A notícia sobre o plano de terceirização das Casas de Cultura proposto pela Prefeitura de São Paulo sob o comando de Ricardo Nunes (MDB) passou a circular publicamente no início do ano de 2022.
A sexta edição deste boletim publicou em junho do ano passado o texto “Casas de Cultura ameaçadas de terceirização em novo ataque aos serviços públicos” . Naquela edição, a Corrente Sindical Esquerda Marxista – SP buscou expor a origem e a tipificação enquanto política pública das Casas de Cultura. Sobretudo, explicou o real caráter do plano proposto pela Prefeitura que objetiva, nada menos, que colocar o controle dessas casas nas mãos de Organizações da Sociedade Civil (OSCs), as quais operam como empresas de direito privado e recebem dinheiro público diretamente do aparato municipal. Na prática isso se qualifica como privatização e terceirização. Cabe destacar que a Prefeitura avança em seu ataque pela terceirização das Casas de Cultura, tendo em vista o edital para a “gestão compartilhada” das 20 unidades distribuídas pela cidade estar publicado no site Participe+, desde dezembro do ano passado.
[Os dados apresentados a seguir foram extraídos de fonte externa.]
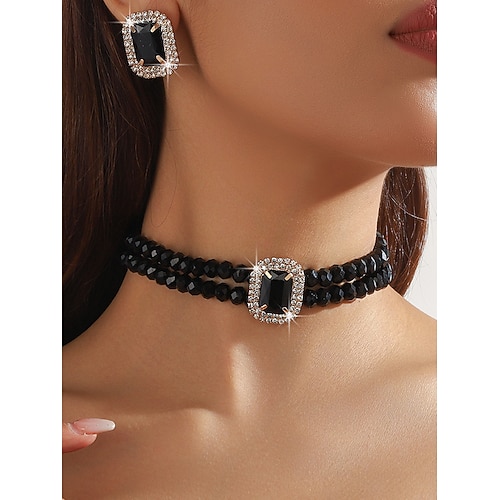 Damen-Choker aus Champagnerkristall Set aus Ohrsteckern, herzförmiger Strassschmuck, eleganter, romantischer Stil für ein Date am Valentinstag

O que diz o post da secretária?
Vamos ao post da secretária de cultura para avaliar ligeiramente o que ele diz à população. Inicialmente, diz “após amplo diagnóstico e diálogo comunitário, a Secretaria Municipal de Cultura propôs um novo modelo de gestão das 19 Casas de Cultura de nossa cidade. Com o novo modelo, iremos aumentar a oferta de programação, quadro de funcionários, oficinas, espetáculos e todas as atividades a sua disposição serão ampliados levando mais cultura até você”. A secretária coloca a questão como se houvesse ocorrido uma construção conjunta desse modelo em permanente contato com a comunidade, artistas e demais trabalhadores. Contudo, os trabalhadores da cultura não se sentem representados em nada do que expôs a secretária. Aliás, como expressão disso, o agora deputado federal Guilherme Boulos (PSOL) publicou no Instagram também no último dia 20, uma reunião destes trabalhadores e artistas em posição claramente contra os interesses da SMC e da Prefeitura. Esses entoaram, inclusive, a palavra de ordem em alto e bom som “não à privatização das nossas Casas de Cultura!”.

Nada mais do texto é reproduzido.